Headline
CVE-2022-41485: Bug-Report/tenda-AC6- 0x47ce00.md at main · Davidteeri/Bug-Report
Tenda AC1200 US_AC6V2.0RTL_V15.03.06.51_multi_TDE01 was discovered to contain a buffer overflow in the 0x47ce00 function. This vulnerability allows attackers to cause a Denial of Service (DoS) via a crafted request.
Vulnerability Report
Vendor: Tenda
Product: AC1200 Smart Dual-Band WiFi Router
Version: US_AC6V2.0RTL_V15.03.06.51_multi_TDE01(Download Link:https://www.tendacn.com/download/detail-3794.html)
Type: Buffer Overflow
Vulnerability description
We found a buffer overflow vulnerability in AC1200 with firmware which was released recently, allows remote attackers to destory the execution memory from a crafted request.
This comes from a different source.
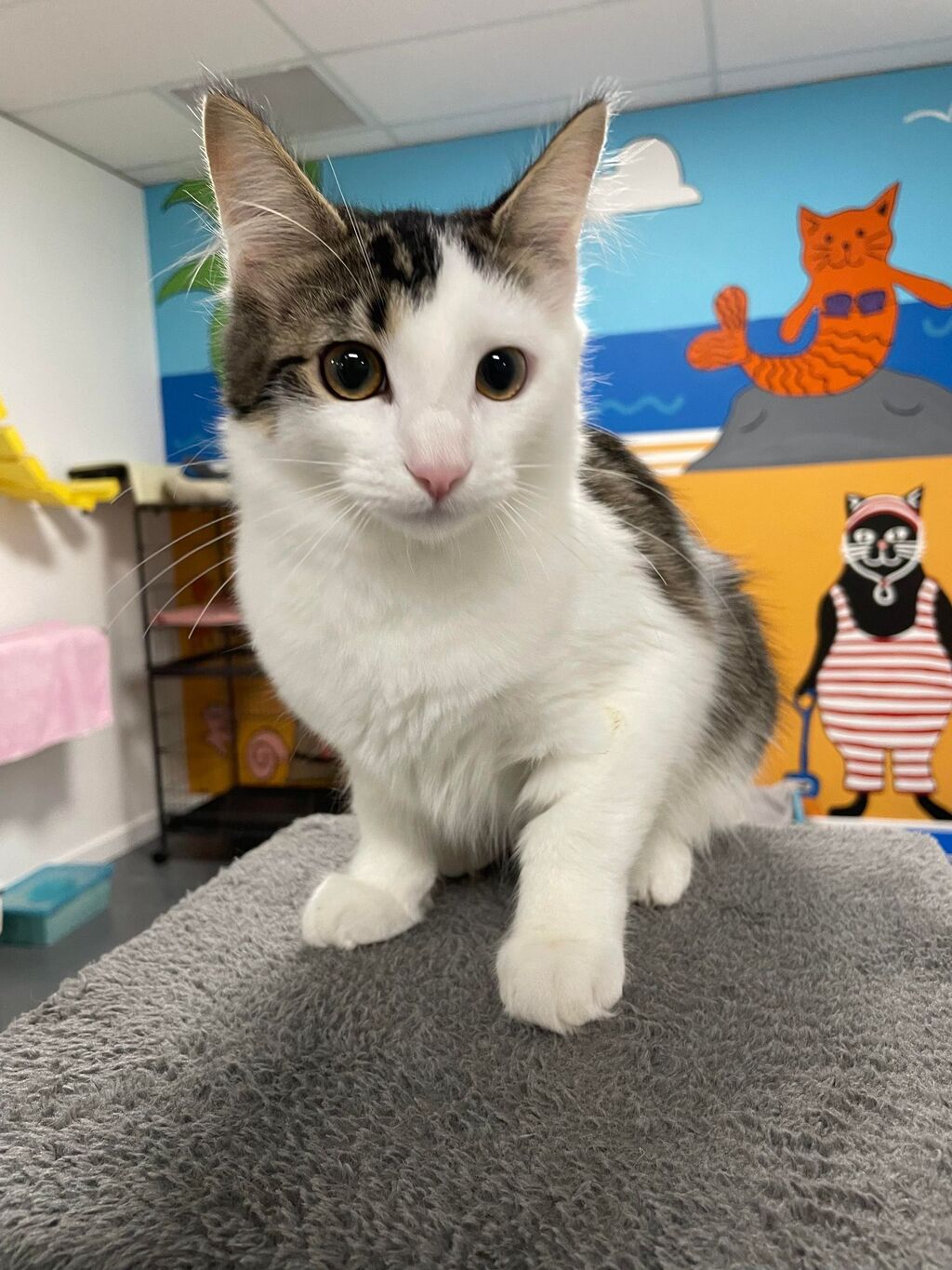 Rosa Diaz is a playful and affectionate little kitten with an insatiable curiosity. She loves exploring new places and meeting new people, and she's always up for a good chin scratch or cuddle session. With her bright eyes and endearing meows, Rosa is sure to bring a smile to the face of anyone she meets.

This can cause a denial of service or impact code execution.
Remote Command Execution
In httpd binary:
In function 0x47ce00, name is allocated a buffer of 0x1000 bytes for storing a variable. This value is passed to the 0x47bd44 (rtl_hw_add_list) function for processing.
In 0x47bd44, the name is copied to new through strcpy. The buffer size allocated by new is 0x488. There is no length check for that before copying. This can lead to buffer overflows.